* DIRECTIONS *
Exact copy, no pictures: return only the lines below from the line with "16 DIMM module" up to and including the line with "The homeowners had".

* THE INPUT *
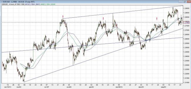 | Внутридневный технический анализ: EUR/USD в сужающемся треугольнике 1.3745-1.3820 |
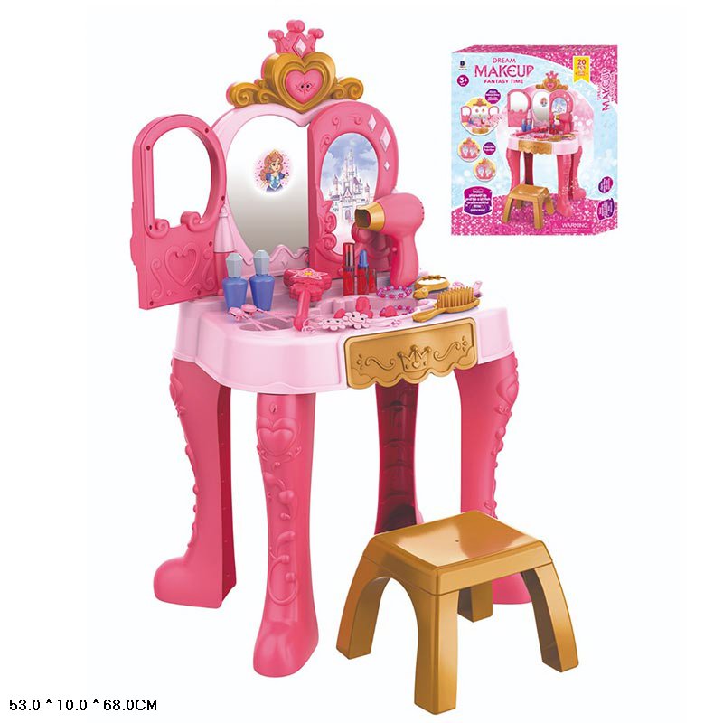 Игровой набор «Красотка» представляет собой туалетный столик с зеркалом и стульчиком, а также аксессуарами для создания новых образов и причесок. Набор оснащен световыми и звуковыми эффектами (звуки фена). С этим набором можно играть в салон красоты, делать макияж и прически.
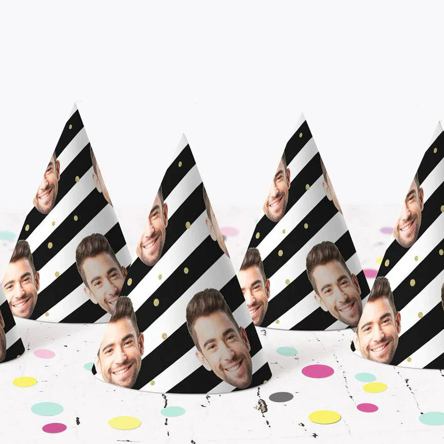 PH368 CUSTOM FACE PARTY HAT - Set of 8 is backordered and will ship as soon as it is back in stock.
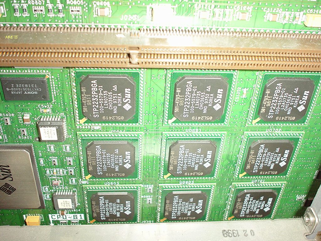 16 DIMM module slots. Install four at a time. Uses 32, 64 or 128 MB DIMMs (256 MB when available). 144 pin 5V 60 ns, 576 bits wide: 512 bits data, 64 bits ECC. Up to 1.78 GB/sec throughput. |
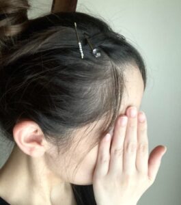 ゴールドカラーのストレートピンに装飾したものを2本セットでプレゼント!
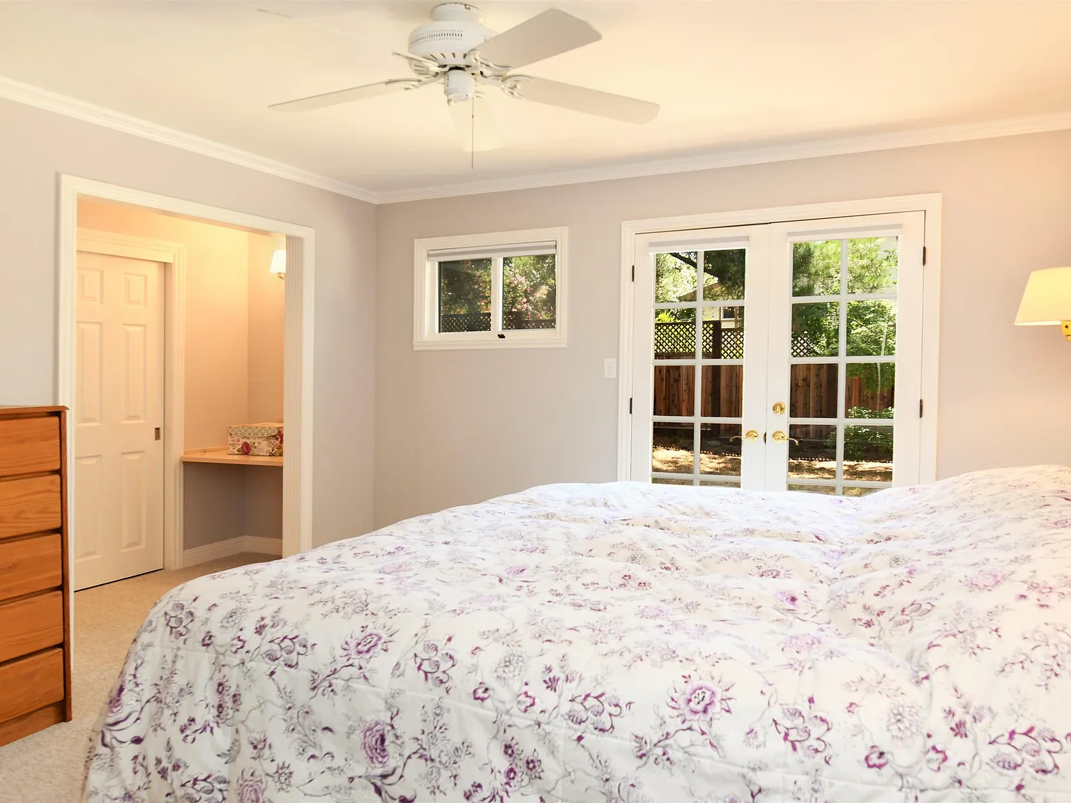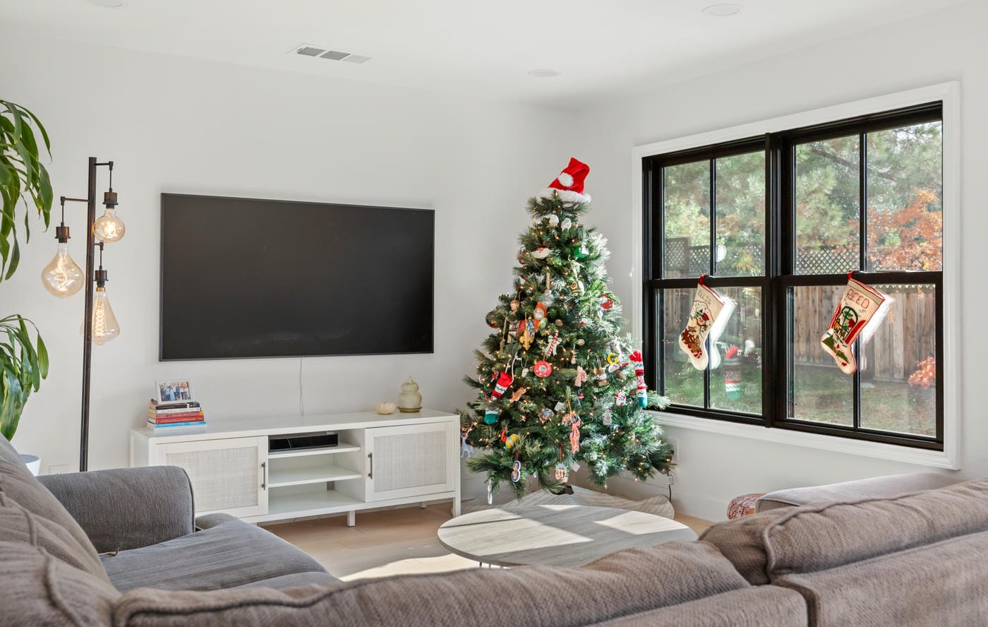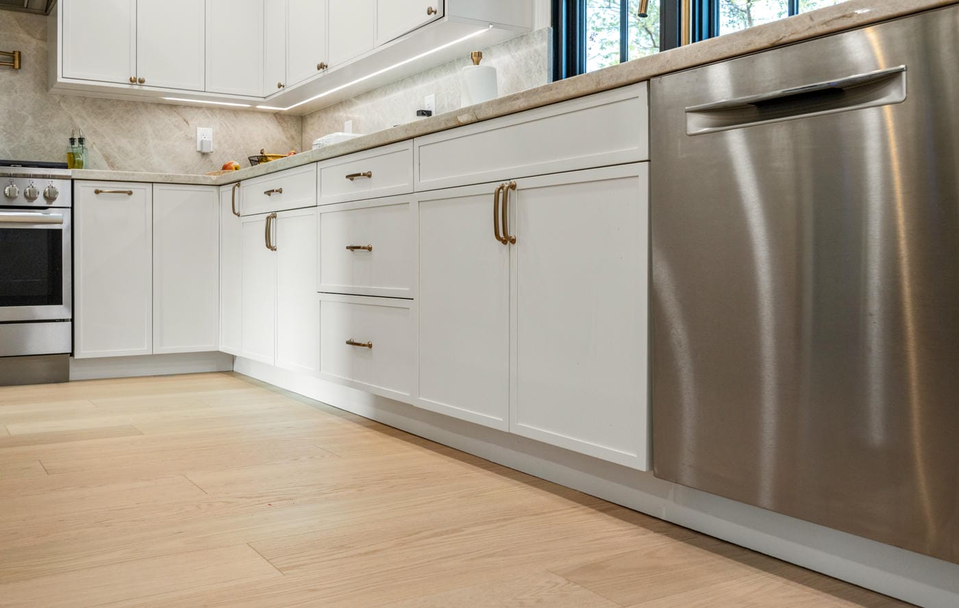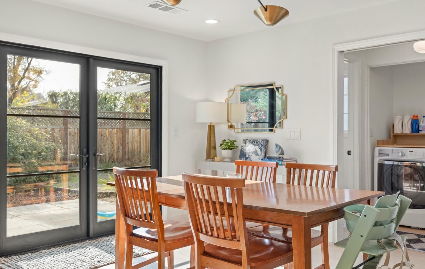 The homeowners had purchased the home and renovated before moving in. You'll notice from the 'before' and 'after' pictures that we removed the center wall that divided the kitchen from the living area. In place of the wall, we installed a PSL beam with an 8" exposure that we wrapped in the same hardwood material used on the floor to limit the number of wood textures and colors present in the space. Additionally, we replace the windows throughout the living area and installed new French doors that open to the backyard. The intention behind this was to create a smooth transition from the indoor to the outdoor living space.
---
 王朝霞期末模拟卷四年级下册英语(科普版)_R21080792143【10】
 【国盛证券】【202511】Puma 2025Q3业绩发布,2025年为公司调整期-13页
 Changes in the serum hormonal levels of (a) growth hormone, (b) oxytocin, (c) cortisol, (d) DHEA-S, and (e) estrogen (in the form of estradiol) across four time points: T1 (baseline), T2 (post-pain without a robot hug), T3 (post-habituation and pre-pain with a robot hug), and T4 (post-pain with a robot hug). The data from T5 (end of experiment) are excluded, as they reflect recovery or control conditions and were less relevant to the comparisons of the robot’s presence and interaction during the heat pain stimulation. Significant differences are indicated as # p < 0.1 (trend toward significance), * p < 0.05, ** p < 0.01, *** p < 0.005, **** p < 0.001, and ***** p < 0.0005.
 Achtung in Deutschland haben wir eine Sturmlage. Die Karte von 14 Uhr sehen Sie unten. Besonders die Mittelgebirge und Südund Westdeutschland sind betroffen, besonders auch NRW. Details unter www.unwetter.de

* RESULT OF THIS TASK *
 16 DIMM module slots. Install four at a time. Uses 32, 64 or 128 MB DIMMs (256 MB when available). 144 pin 5V 60 ns, 576 bits wide: 512 bits data, 64 bits ECC. Up to 1.78 GB/sec throughput. |
 ゴールドカラーのストレートピンに装飾したものを2本セットでプレゼント!
 The homeowners had purchased the home and renovated before moving in. You'll notice from the 'before' and 'after' pictures that we removed the center wall that divided the kitchen from the living area. In place of the wall, we installed a PSL beam with an 8" exposure that we wrapped in the same hardwood material used on the floor to limit the number of wood textures and colors present in the space. Additionally, we replace the windows throughout the living area and installed new French doors that open to the backyard. The intention behind this was to create a smooth transition from the indoor to the outdoor living space.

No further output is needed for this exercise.